**Work task:** From the records below, output exactly the lines starting at the line with "un pack de 4" and ending at the line with "Jacheta vintage Bomber", both of them included, but no pictures.

**Source information:**
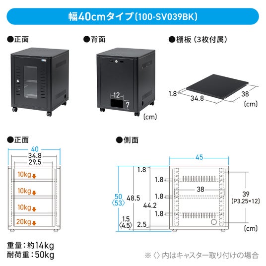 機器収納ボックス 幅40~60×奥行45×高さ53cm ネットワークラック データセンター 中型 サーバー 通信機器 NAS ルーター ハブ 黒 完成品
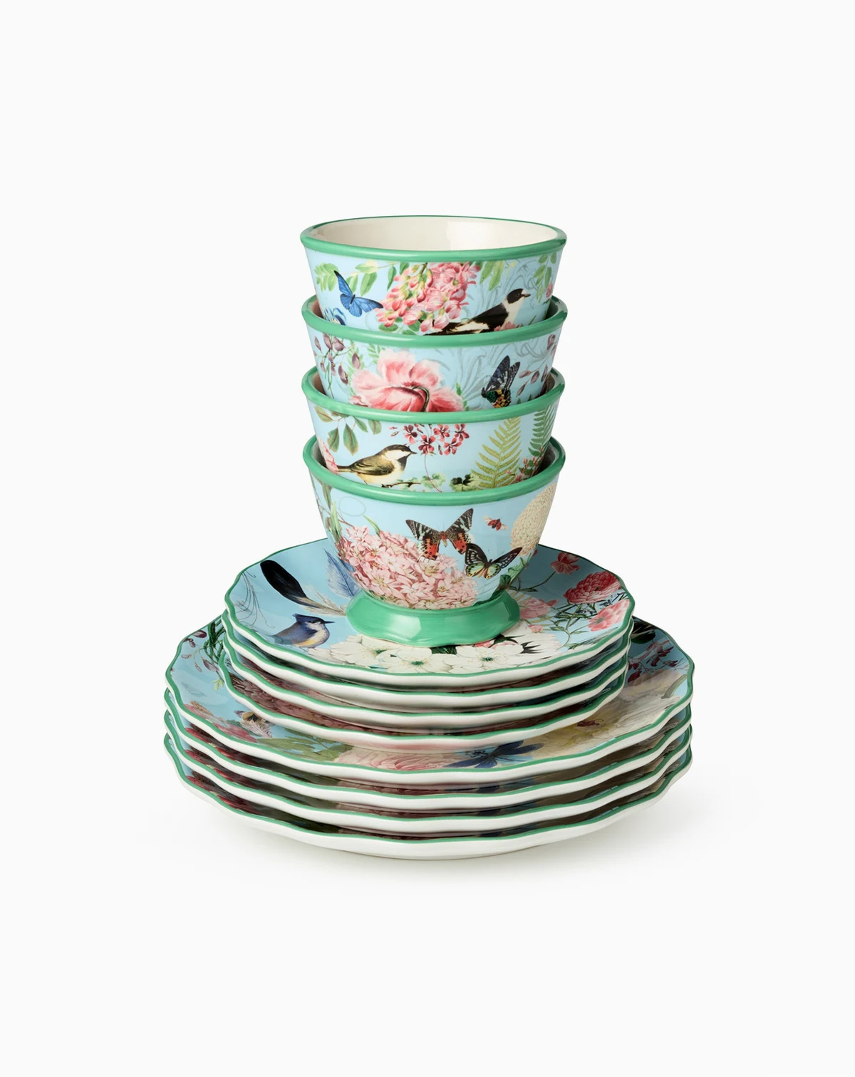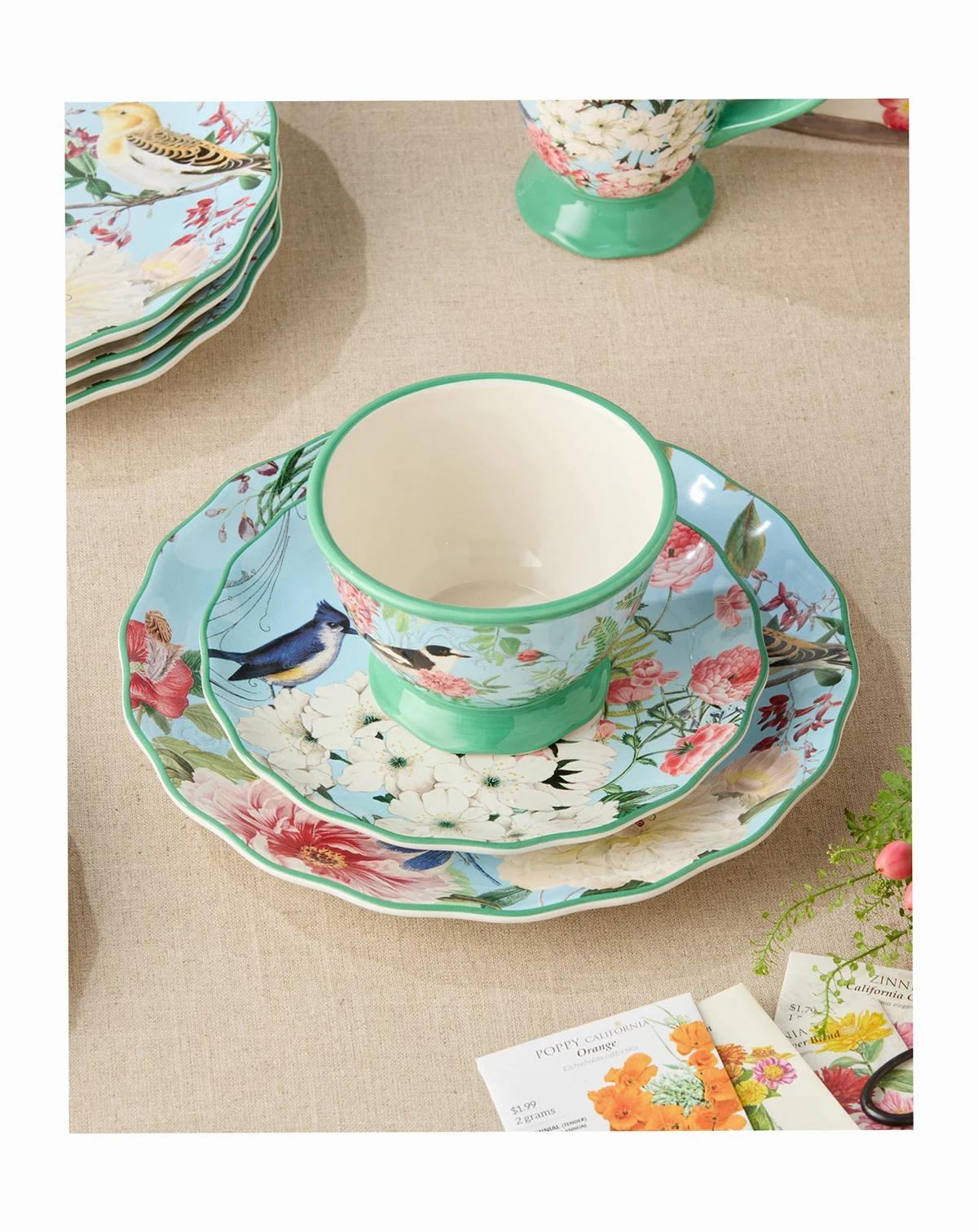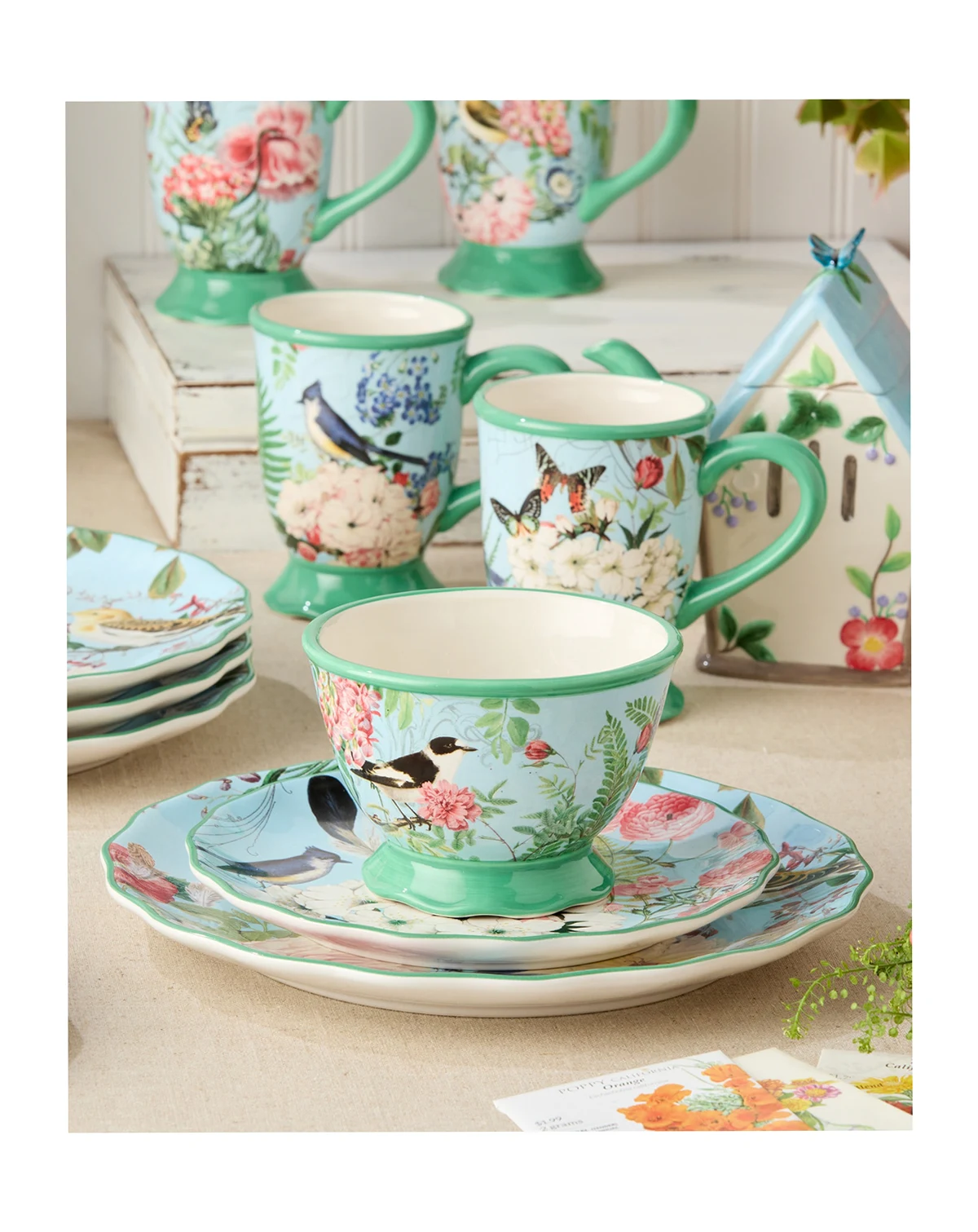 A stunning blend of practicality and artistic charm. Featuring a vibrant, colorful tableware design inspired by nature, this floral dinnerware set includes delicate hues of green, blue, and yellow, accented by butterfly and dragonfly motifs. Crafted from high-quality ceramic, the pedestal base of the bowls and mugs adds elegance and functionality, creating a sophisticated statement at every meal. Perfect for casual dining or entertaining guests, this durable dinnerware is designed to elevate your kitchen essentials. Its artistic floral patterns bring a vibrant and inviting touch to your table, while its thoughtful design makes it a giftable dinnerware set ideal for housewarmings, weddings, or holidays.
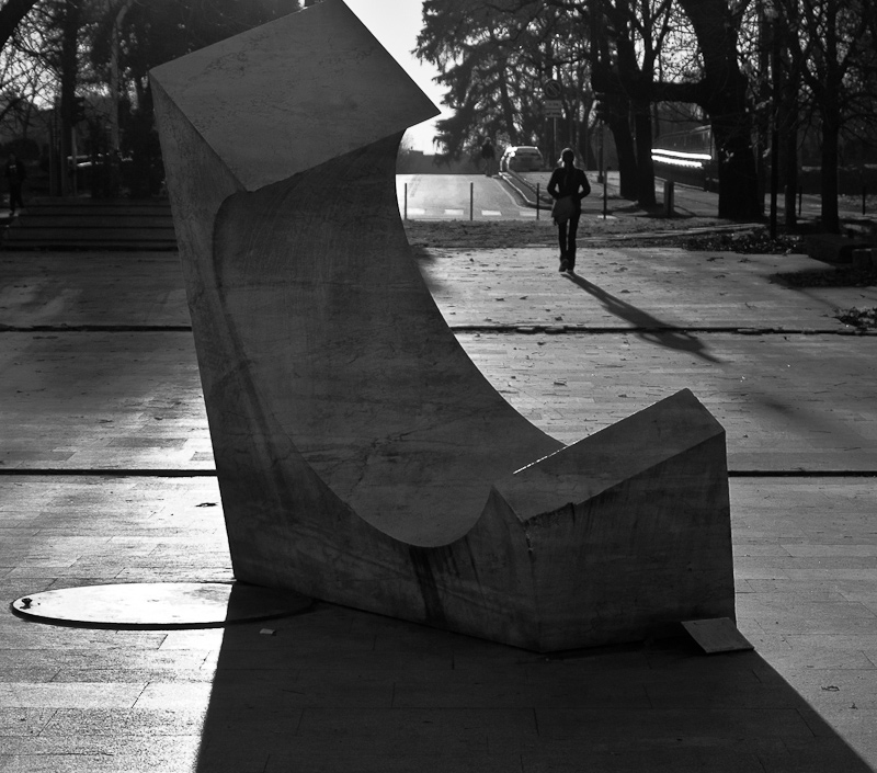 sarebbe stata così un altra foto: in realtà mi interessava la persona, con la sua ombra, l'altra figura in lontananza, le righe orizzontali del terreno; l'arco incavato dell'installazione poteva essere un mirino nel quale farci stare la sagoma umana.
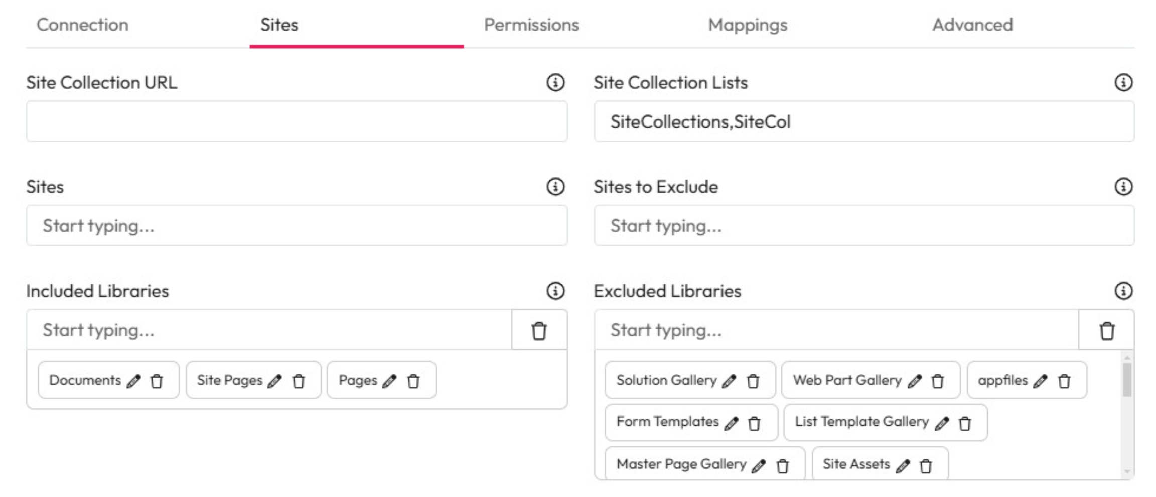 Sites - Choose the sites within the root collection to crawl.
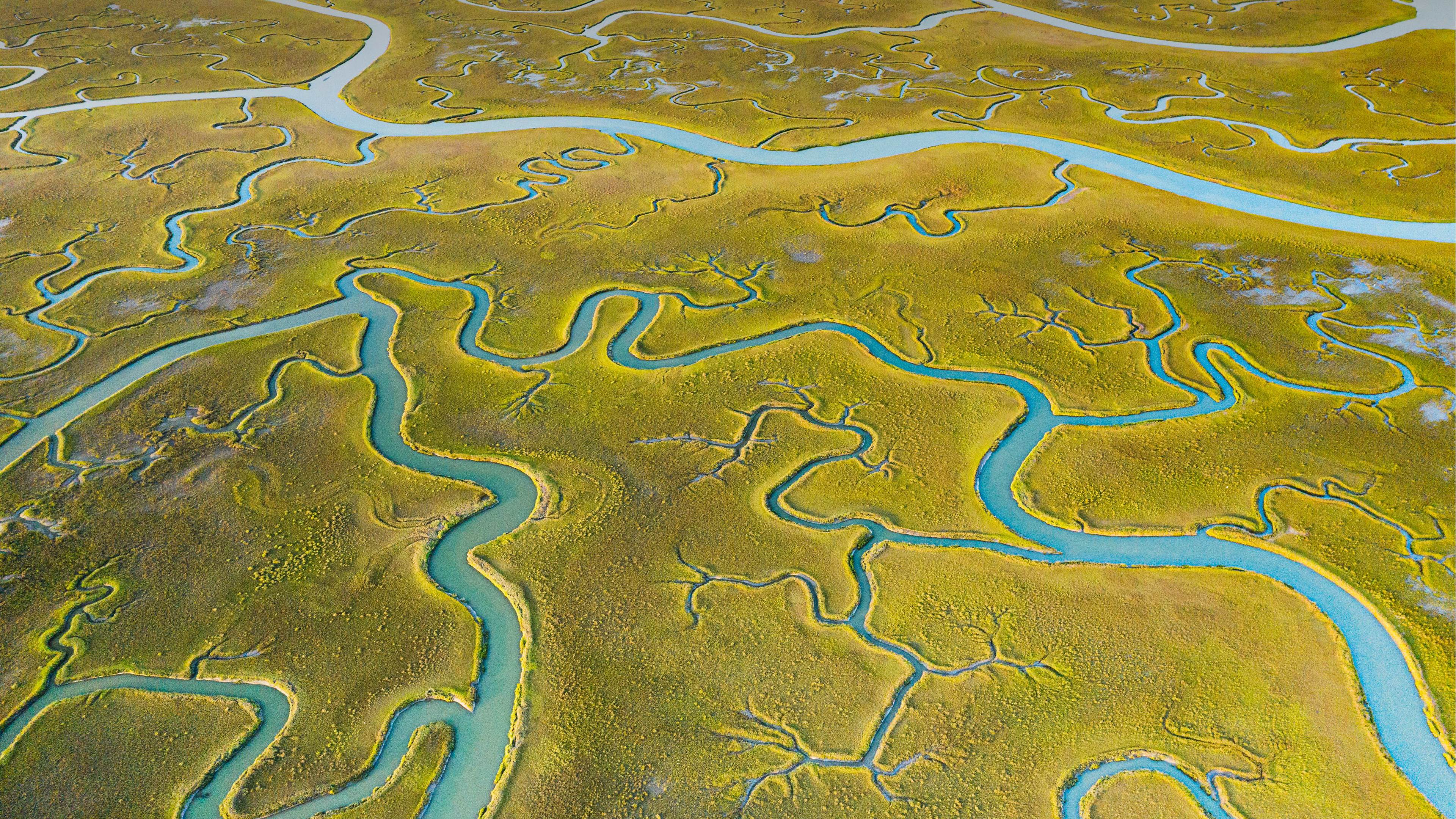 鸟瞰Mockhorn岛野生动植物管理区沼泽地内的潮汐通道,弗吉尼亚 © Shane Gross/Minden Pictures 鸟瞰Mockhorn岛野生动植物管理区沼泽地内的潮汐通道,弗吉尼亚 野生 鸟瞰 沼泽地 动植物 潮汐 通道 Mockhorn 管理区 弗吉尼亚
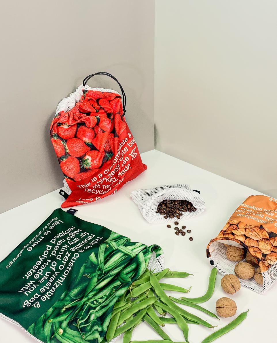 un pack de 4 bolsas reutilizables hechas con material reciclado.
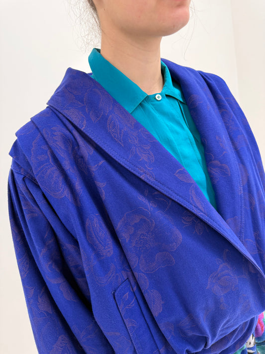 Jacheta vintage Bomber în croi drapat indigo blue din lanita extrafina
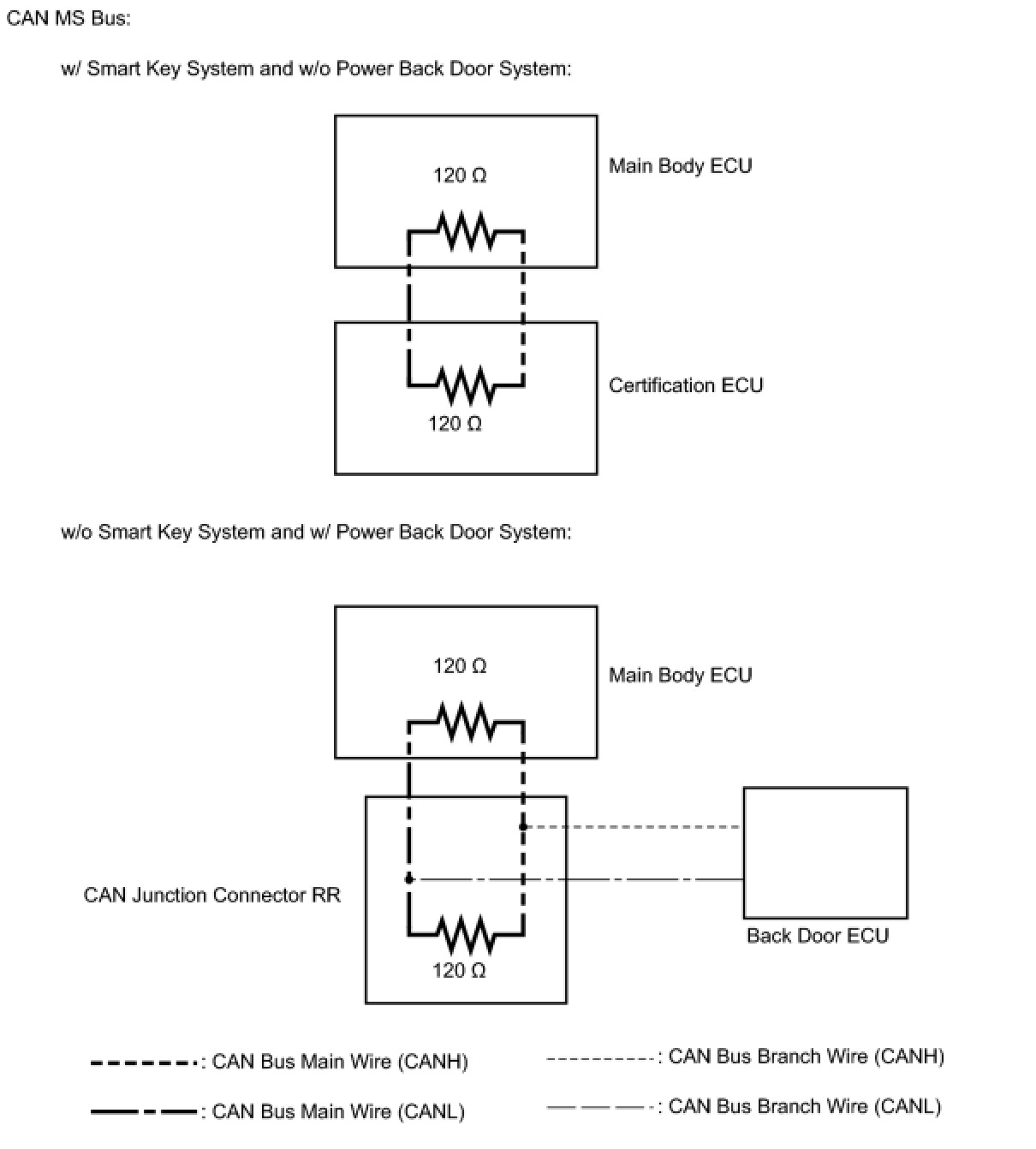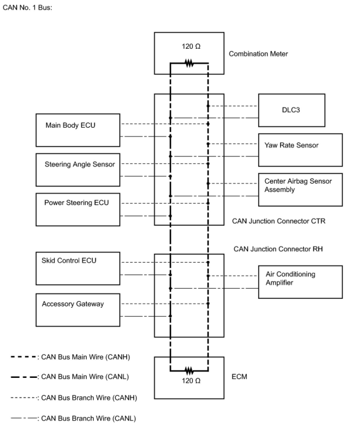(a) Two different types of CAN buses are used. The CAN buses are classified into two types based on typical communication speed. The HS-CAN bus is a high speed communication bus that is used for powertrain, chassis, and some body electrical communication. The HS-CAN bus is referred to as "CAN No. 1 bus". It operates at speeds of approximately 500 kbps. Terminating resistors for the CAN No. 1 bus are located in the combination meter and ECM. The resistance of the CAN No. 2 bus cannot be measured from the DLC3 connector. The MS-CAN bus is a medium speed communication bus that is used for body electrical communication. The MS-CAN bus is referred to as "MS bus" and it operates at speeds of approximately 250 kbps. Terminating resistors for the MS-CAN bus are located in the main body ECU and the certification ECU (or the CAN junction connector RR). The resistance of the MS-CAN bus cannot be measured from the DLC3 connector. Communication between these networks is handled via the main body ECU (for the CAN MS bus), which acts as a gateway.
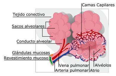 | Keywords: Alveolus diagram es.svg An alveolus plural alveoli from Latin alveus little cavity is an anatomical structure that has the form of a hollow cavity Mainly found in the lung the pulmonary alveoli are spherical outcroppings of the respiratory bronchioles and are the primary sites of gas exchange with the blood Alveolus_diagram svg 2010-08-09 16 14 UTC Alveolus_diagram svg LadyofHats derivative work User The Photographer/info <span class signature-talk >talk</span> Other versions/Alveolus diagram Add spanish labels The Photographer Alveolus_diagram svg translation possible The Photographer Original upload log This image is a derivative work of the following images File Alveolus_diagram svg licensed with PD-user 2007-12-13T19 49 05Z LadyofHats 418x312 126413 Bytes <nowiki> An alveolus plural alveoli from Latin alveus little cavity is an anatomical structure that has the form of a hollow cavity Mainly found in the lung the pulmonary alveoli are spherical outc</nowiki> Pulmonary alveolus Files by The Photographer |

**Response to the task:**
 un pack de 4 bolsas reutilizables hechas con material reciclado.
 Jacheta vintage Bomber în croi drapat indigo blue din lanita extrafina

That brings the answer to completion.